Problem description: Return each line of the data below verbatim; pictures are to be left out.

BEGIN Input data

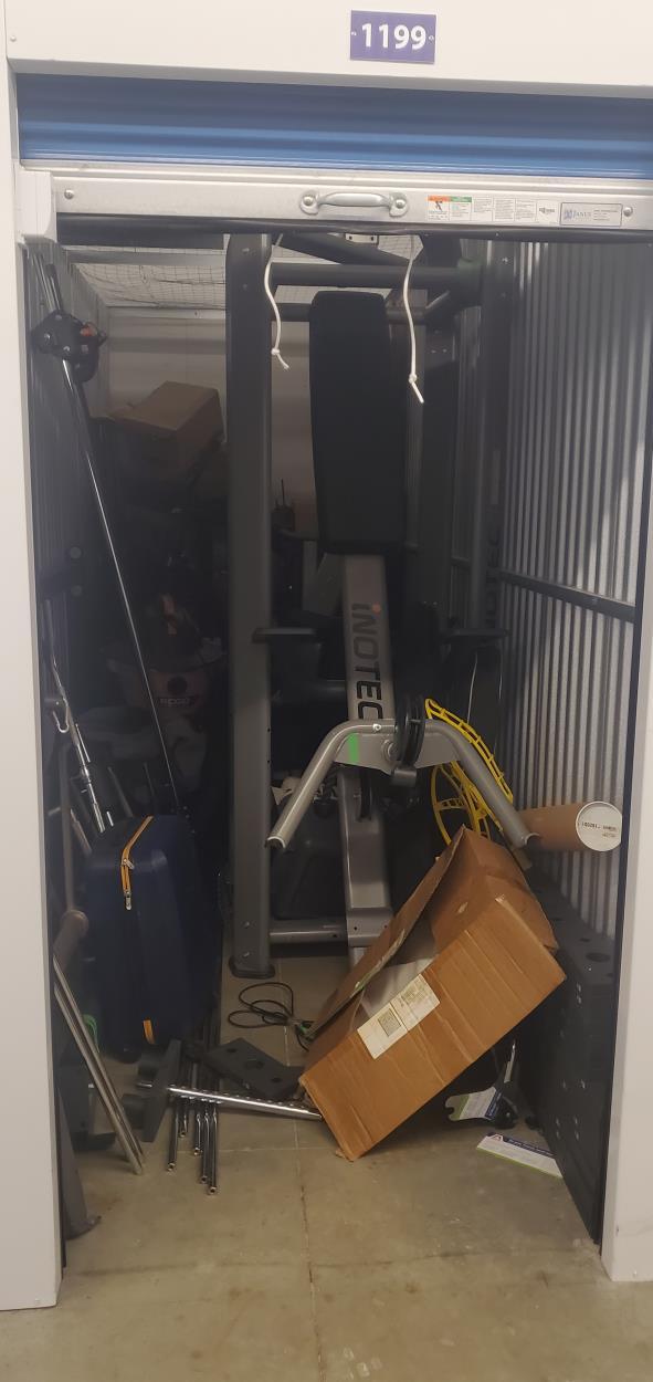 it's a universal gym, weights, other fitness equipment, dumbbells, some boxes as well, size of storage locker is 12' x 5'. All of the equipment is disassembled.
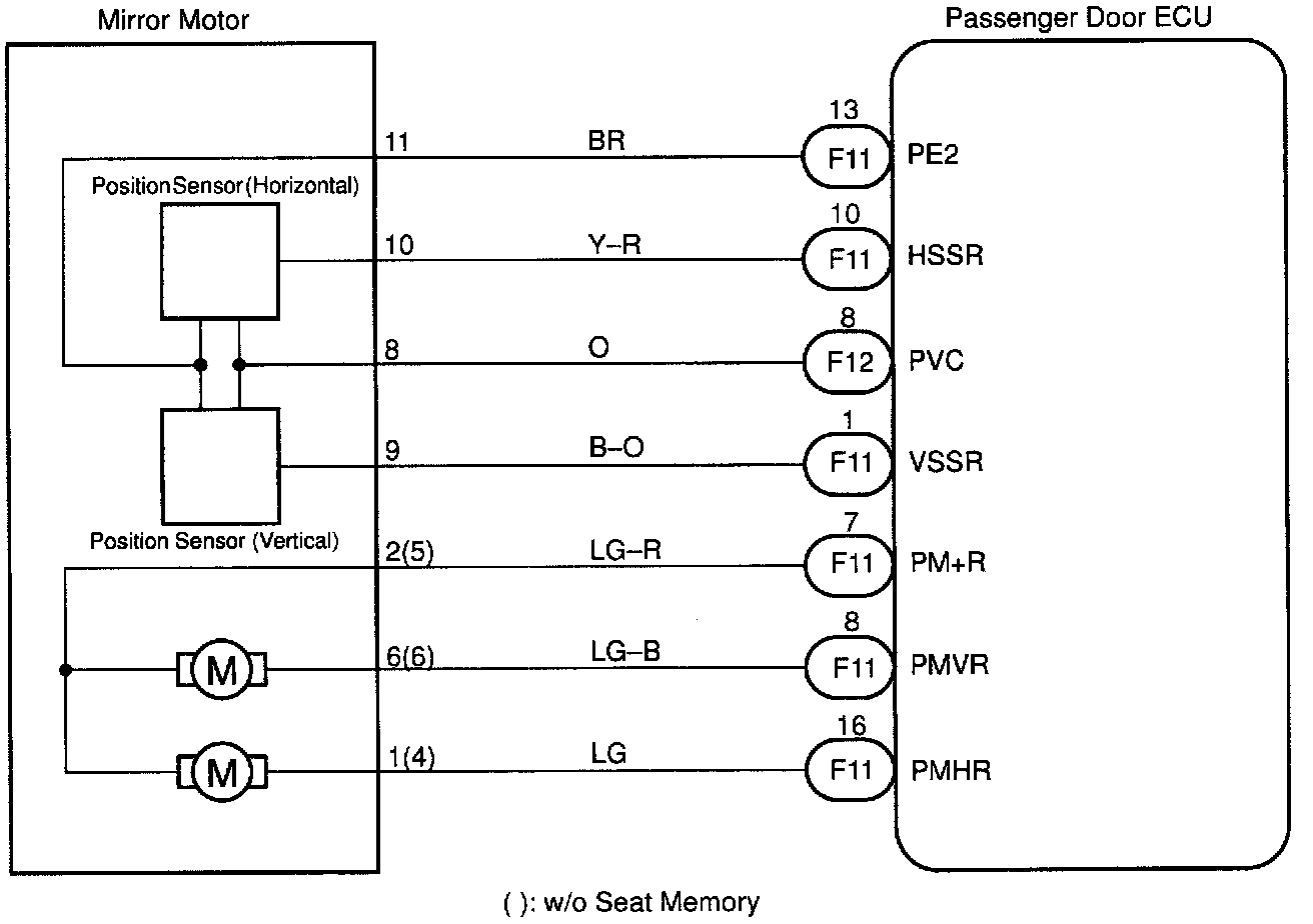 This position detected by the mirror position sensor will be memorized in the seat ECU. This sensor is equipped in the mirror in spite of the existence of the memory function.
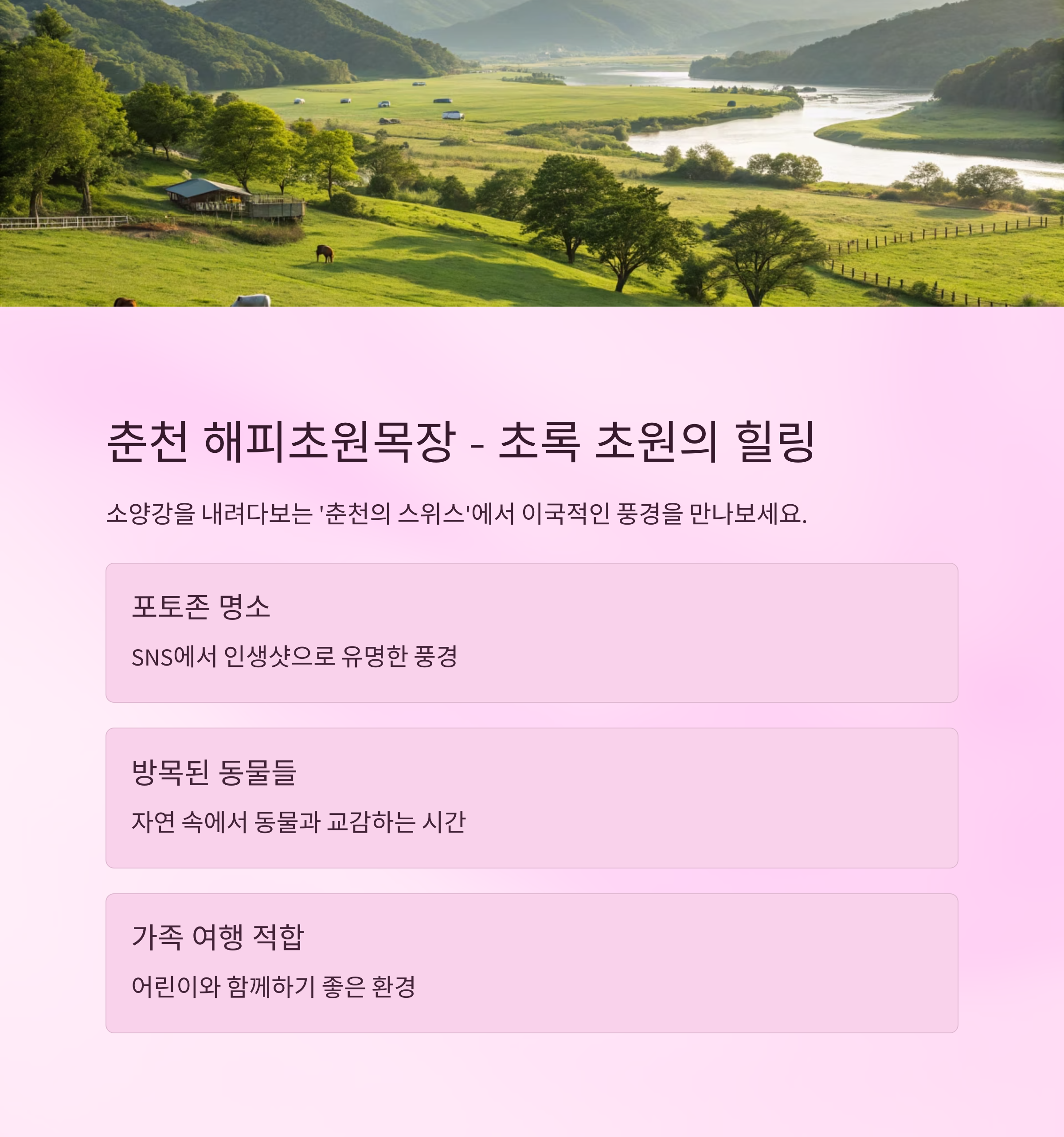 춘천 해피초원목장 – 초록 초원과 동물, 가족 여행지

END Input data

Solution to this problem:
 it's a universal gym, weights, other fitness equipment, dumbbells, some boxes as well, size of storage locker is 12' x 5'. All of the equipment is disassembled.
 This position detected by the mirror position sensor will be memorized in the seat ECU. This sensor is equipped in the mirror in spite of the existence of the memory function.
 춘천 해피초원목장 – 초록 초원과 동물, 가족 여행지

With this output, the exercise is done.